Chef server and workstation certificate error


#1

Hi everyone . I am trying to do chef install chef work station (on windows) and chef server (on RHEL on AWS). When i am trying to check the connection between the work station and chef server i am getting an ssl error. Below are the things i configured.

  1. Installed chef server (12.15.7) on AWS RHEL and configured the chef server with username and organization twocommands saved the two .pem files to a directory
  2. Installed workstation on my windows 10 and created a .chef folder copied the 2 .pem files (validator and user). and prepared the knife.rb file

current_dir = File.dirname(FILE)
log_level :info
log_location STDOUT
node_name "username"
client_key “#{current_dir}/username.pem"
chef_server_url “https:///organizations/4thcoffee"
cookbook_path [”#{current_dir}/…/cookbooks”]

Below are the commands i ran
knife ssl fetch (this fetches the privateip.crt to the .chef )
knife ssl check

BELOW IS THE ERROR I AM GETTING

The solution for this issue depends on your networking configuration. If you
are able to connect to this server using the hostname ip-.ec2.internal
instead of ec2-.compute-1.amazonaws.com, then you can resolve this issue by updating chef_server_url
in your configuration file.

If you are not able to connect to the server using the hostname ip-.ec2.internal
you will have to update the certificate on the server to use the correct hostname.

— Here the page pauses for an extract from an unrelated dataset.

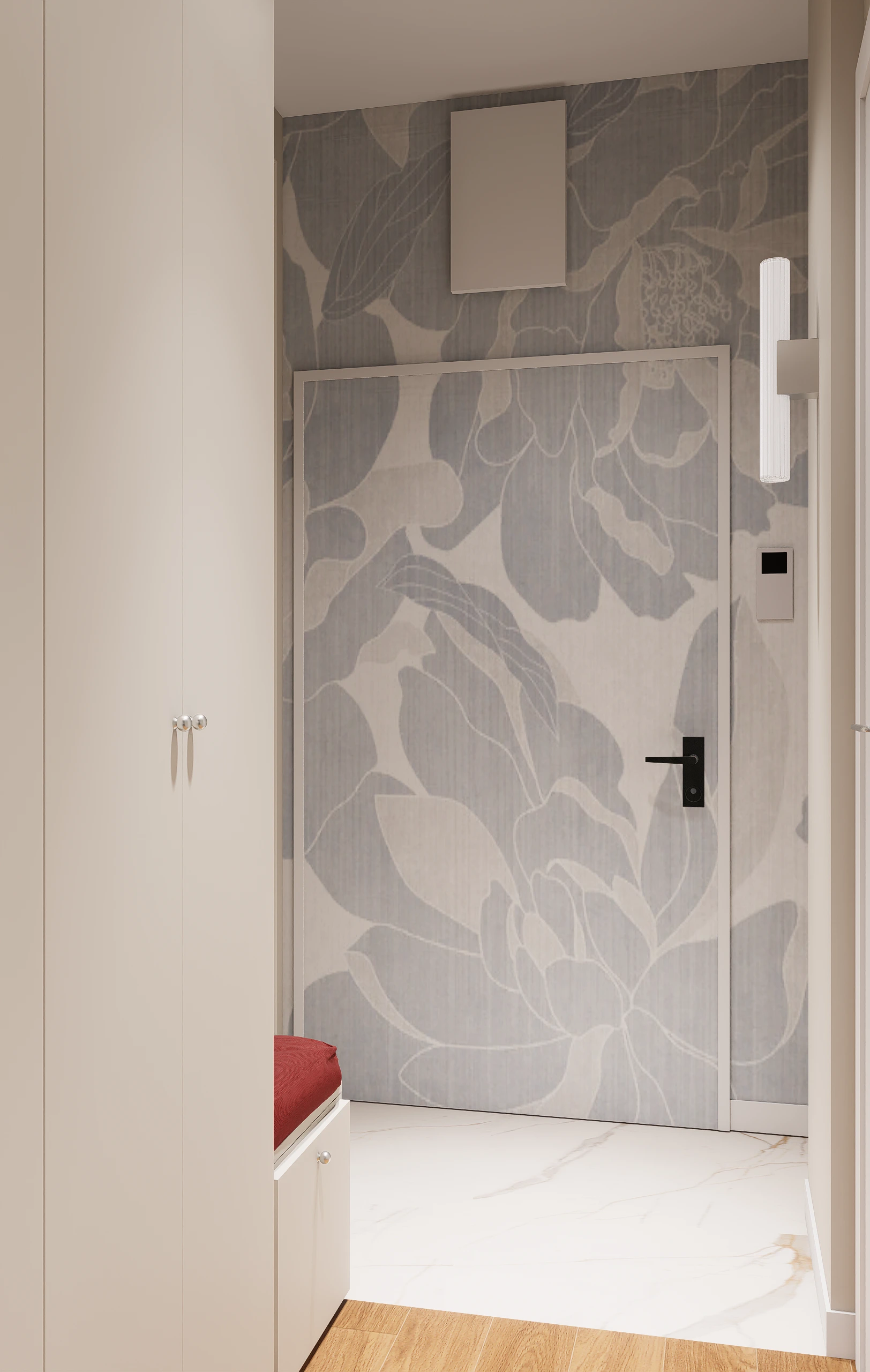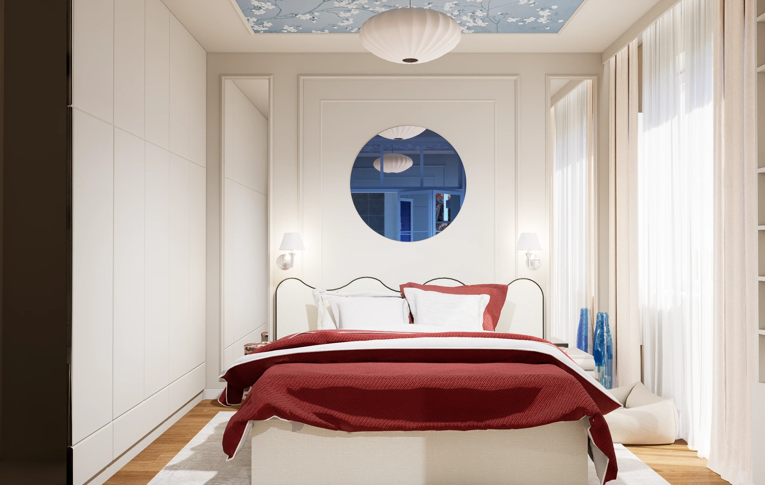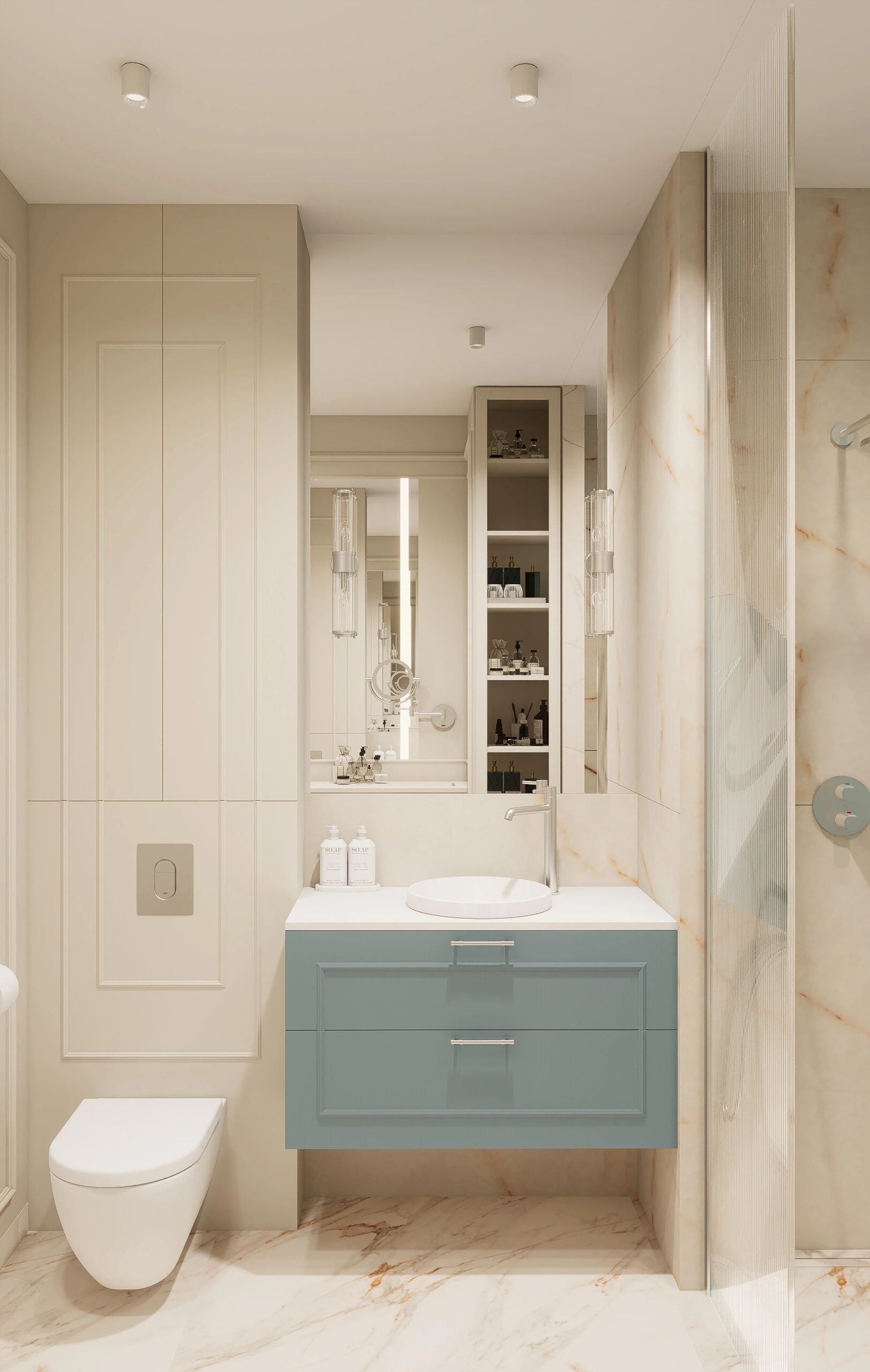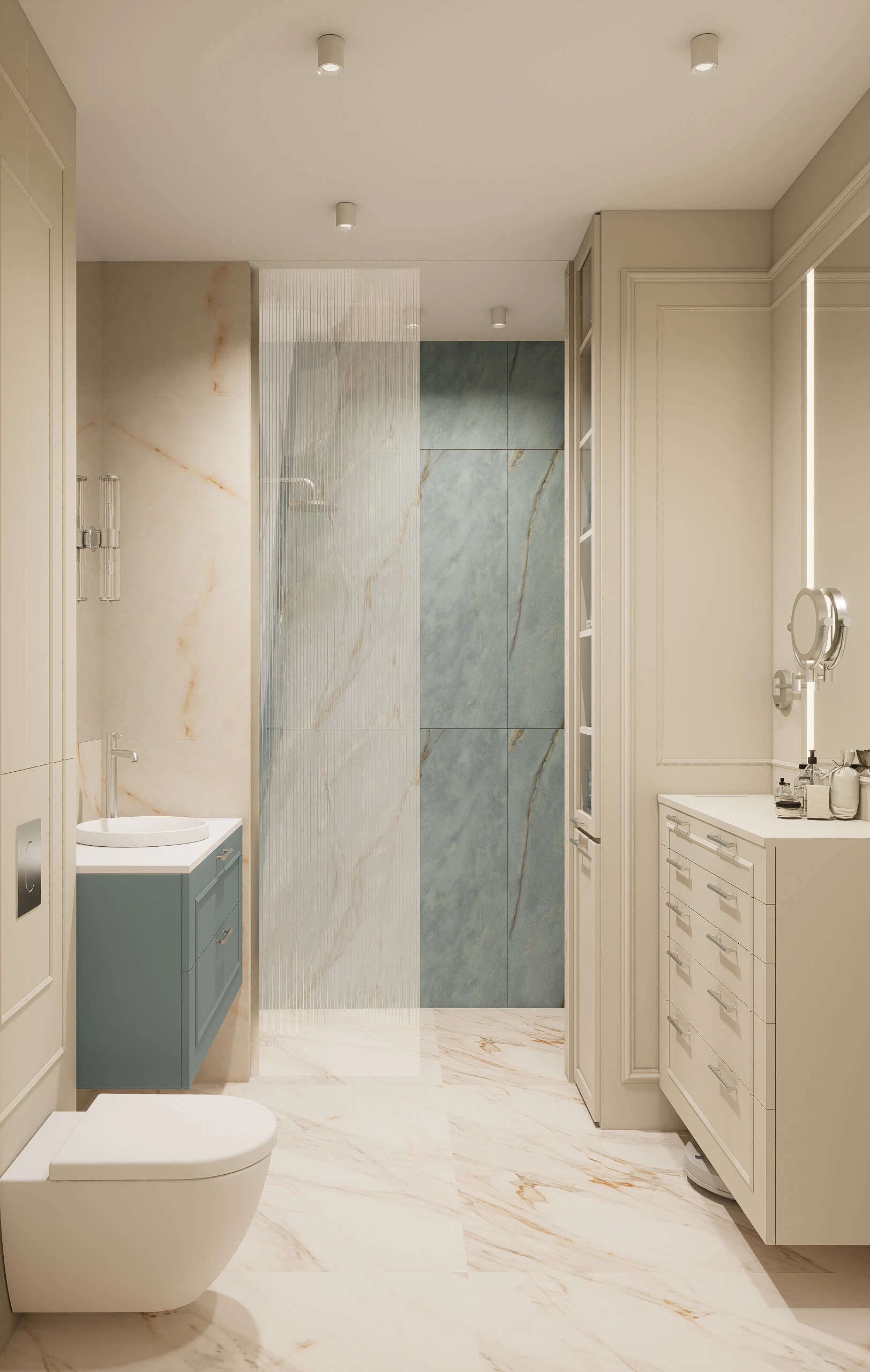 Bazą aranżacji są jasne, ciepłe odcienie bieli i beżu, klasyczne frezowane zabudowy oraz naturalne materiały, które nadają wnętrzu ponadczasowy charakter. Na tym spokojnym tle pojawia się niecodzienna, starannie dobrana kolorystyka – chłodne błękity w meblach tapicerowanych oraz głębokie akcenty czerwieni, które wprowadzają energię i wyrazistość. Całość uzupełniają kamienne powierzchnie o delikatnym rysunku oraz przemyślane oświetlenie, podkreślające faktury i proporcje wnętrza.

Can some one please help me ? with some links how to solve this ?


#2

This is the answer right here. Chef Server autodetects the FQDN of the host and plops that into the SSL cert that it generates for the server. When you pull down the cert with knife ssl fetch it doesn’t (can’t and also shouldn’t) fix the fact that the certificate is created for a different hostname than the one you are using for the server (the hostname check is important b/c you’d be vulnerable to MITM without it). In EC2, if you plan to use both the internal and external hostnames, you should generate a SAN (subject alternative name) cert. We used to have the procedure documented on docs.chef.io but I can’t find it now.